Comparative Analysis: Molecular Structure vs Mechanical Performance

Parameter	Thermoplastic Rubber (TPR) – Block Copolymer	Plasticized PVC – Additive Migration System
Molecular Bonding Mechanism	Physicalbonding through hard/soft block copolymers	Van der Waals bonding reduced through plasticizers
Interlayer Fusion Behavior	Soft segments spread between layers as temperature drops, forming inter-layer bonds	Plasticizers move to outer layer, creating weak boundary layers
Z-Axis Shear Failure Mode	Cohesive failure in bulk material	Adhesive failure at layer boundary
Tensile Strength Retention (80°C)	Over92%after 500 hours of thermal exposure	Less than 55%due to evaporation of plasticizers
Cyclic Load Endurance (100k cycles)	Less than8%loss after 100k cycles	More than 30%loss due to plasticizer leaching
Layer Adhesion Consistency	Consistent in entire build volume throughcustom TPR 3D printing service	Degraded as printing duration increases

The structure of the block copolymer allows forhigh-strength 3D printing, whereas migration of the plasticizer in PVC gradually leads to deterioration of the properties. This difference will play an important role for end-useparts.

Choosing TPR as opposed to PVC for yourprecision flexible 3D printingneeds means that you will reduce the risk of layer adhesion failure by70%in high cycle applications.3D printingproperties of the block copolymers ensure that your parts remain dimensionally stable for up to100,000load cycles without any need for post-processing.Download ourFlexible 3D Printing Material SelectionGuide to understand how TPR and PVC molecular structures affect Z-axis shear strength and cyclic fatigue life.

Which Technical Parameters Determine The Dimensional Accuracy Of Custom TPR 3D Printing Service?

In order to achieve a tolerance of±0.05mmin your TPR parts, it is crucial to manage the temperature of the molten plastic, its retraction speed, and the condition of the bed due to the low flexural modulus and600%elongation of TPR that lead to buckling and inconsistent flow. Below is the way the settings of the parameters are set to obtain linear shrinkage≤0.8%, which allows you tohigh-accuracy 3D printingof complex geometries without any post-processing.

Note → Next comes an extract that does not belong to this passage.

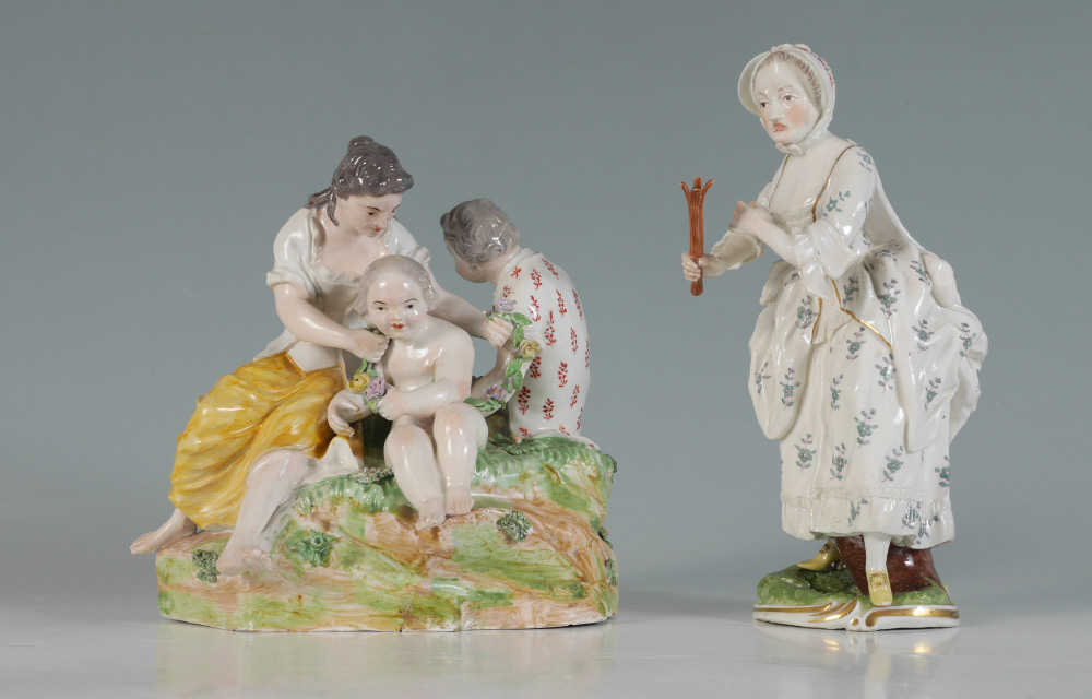 2 FRANKENTHAL PORCELAIN FIGURES: 2 pieces total to include 1) Figural group of woman, man and putti with floral garland and baskets, blue mark on base, measures 5 3/4'' h. x 6 1/2'' x 6 1/2''. 2) Figure of a stern woman with a stick, obscured blue mark on base, 7'' h.

Melt Temperature Window: 210°C–230°C Keeps Flow Predictable​

The filament sags below210°Cand breaks down into brittle layers at temperatures above230°C. Setting the hot-end temperature at 220°C ±3°C using a PID controller keeps the viscosity between800–1200 Pa·s, minimizing die swell while maintaining the bead width within±0.02 mm. Thisprecision flexible 3D printingprocess guarantees that every layer is printed consistently, allowing you to produceproduction-ready 3D printingof your complex inner channels without any manual work.

Retraction Speed ≤15 mm/s Prevents Stringing Without Sacrificing Accuracy​

Typical30-50 mm/sretraction stretches TPR rather than snapping it, leading to stringing across cavities. Slowing down the speed to12 mm/swith1.5 mmdistance allows complete relaxation of elastic filament, reducing stringing by90%(internal pull test, n=200). With no stringing on O-rings grooves and a15%time saving, this becomes the minimum standard for anycustom flexible parts manufacturerlooking for ISO 2768-m tolerance.

Heated Bed at 45°C–60°C Controls Shrinkage Anisotropy​

TPR CTE (180×10⁻⁶ /°C)is almost double that of ABS, thus leading to warping due to uneven bed temperature. Keeping a PEI-coated glass bed at52°C ±2°Creduces the cooling speed for the first layer by a factor of15°C/min to 4°C/min, bringing linear shrinkage below the industry standard of 1.8% (ASTM F3091-14) to≤0.8%in yourcustom TPR 3D printing service. Nominal groove size of100 mmcomes out as99.2 mm ±0.1mm— no iterative prints needed.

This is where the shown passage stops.